Литмир - Электронная Библиотека

Он послушно повернулся, продолжая жевать, но что-то мешало ему смотреть ей в лицо, и поэтому он стал, опять отворачиваясь, говорить вбок:

— У тебя лицо такое… Детское, еще не сформировавшееся. Оно еще несовершенно, но оно содержит в себе совершенство где-то внутри, в потенции…

Слово «потенция» Ри до сих пор знала только в одном смысле, а тут было про что-то другое, насколько она сейчас могла это понять. Она опять повернулась к зеркалу, чтобы посмотреть на свое лицо более внимательно и понять, о чем это он говорит. И если бы он это говорил, действительно глядя ей в глаза, то это получалась бы правда, а так, вбок, выходила хотя и не ложь, но просто какая-то абракадабра. Он, конечно, и сам это тоже чувствовал. Хотя, может быть, это и была чистая правда.

— Расскажи мне про свой роман, — сказала она, растягиваясь на массажной кушетке лицом вниз. — Как он называется?

— «Прямой эфир», — сказал Кузякин и выплюнул жвачку. — Тут можно курить?

— Конечно, там где-то должна быть пепельница.

— Прямой эфир, — повторил он уже каким-то другим, уверенным, но немного истерическим голосом и сел рядом с ней на кушетку с пепельницей и горящей сигаретой в руке, в своем нелепом китайском тренировочном костюме. — Мы всегда думаем, что все это только в записи, что это потом можно будет поправить, подмонтировать, сделать себя умными и решительными, а лишнее вырезать, но потом оказывается, что это все был прямой эфир, и ничего уже нельзя ни переделать, ни исправить, ни вернуть. Ты понимаешь?

— Понимаю, — сказала она, переворачиваясь на спину и глядя ему прямо в глаза.

Кузякин потушил сигарету в пепельнице, наклонился и стал развязывать тесемку ее купальника, завязанную сзади на шее. Она смотрела ему в глаза молча, пока он стягивал купальник сверху, с груди, но дальше не получалось, потому что она же должна была хотя бы приподнять все остальное.

— Кузя, ты уверен, что это сейчас нужно делать? — спросила она.

— Это прямой эфир, — сказал он глухо, продолжая сжимать в руках купальник возле ее бедер, но не сами бедра, — Потом уже ничего нельзя будет ни исправить, ни переделать, ни изменить.

— Я все-таки запру дверь, — сказала она и соскользнула с массажной кушетки.

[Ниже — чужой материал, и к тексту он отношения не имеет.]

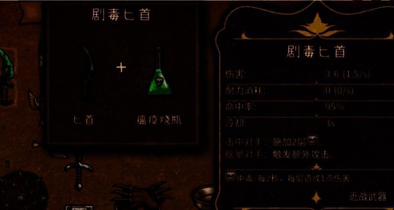 剧毒匕首的伤害在3点到5点之间、耐力消耗0、命中率95%、冷却时间3秒、命中对手以后能给敌人施加上2层的中毒buff,,中毒后,每2秒钟会给敌人造成1点的伤害。

Хотя с чего бы? Чужие сюда не заходили, а свои видели тут и куда более откровенные сцены, и никто никого особенно не стеснялся, просто притворили бы дверь, если бы что услышали, вот и все.

Она уже шла обратно от двери, переступая через упавший на пол купальник, но у Кузякина там ничего не шевелилось, как у покойника, и было понятно, что там ничего так сразу не исправишь. Да и расхотелось почему-то этим заниматься.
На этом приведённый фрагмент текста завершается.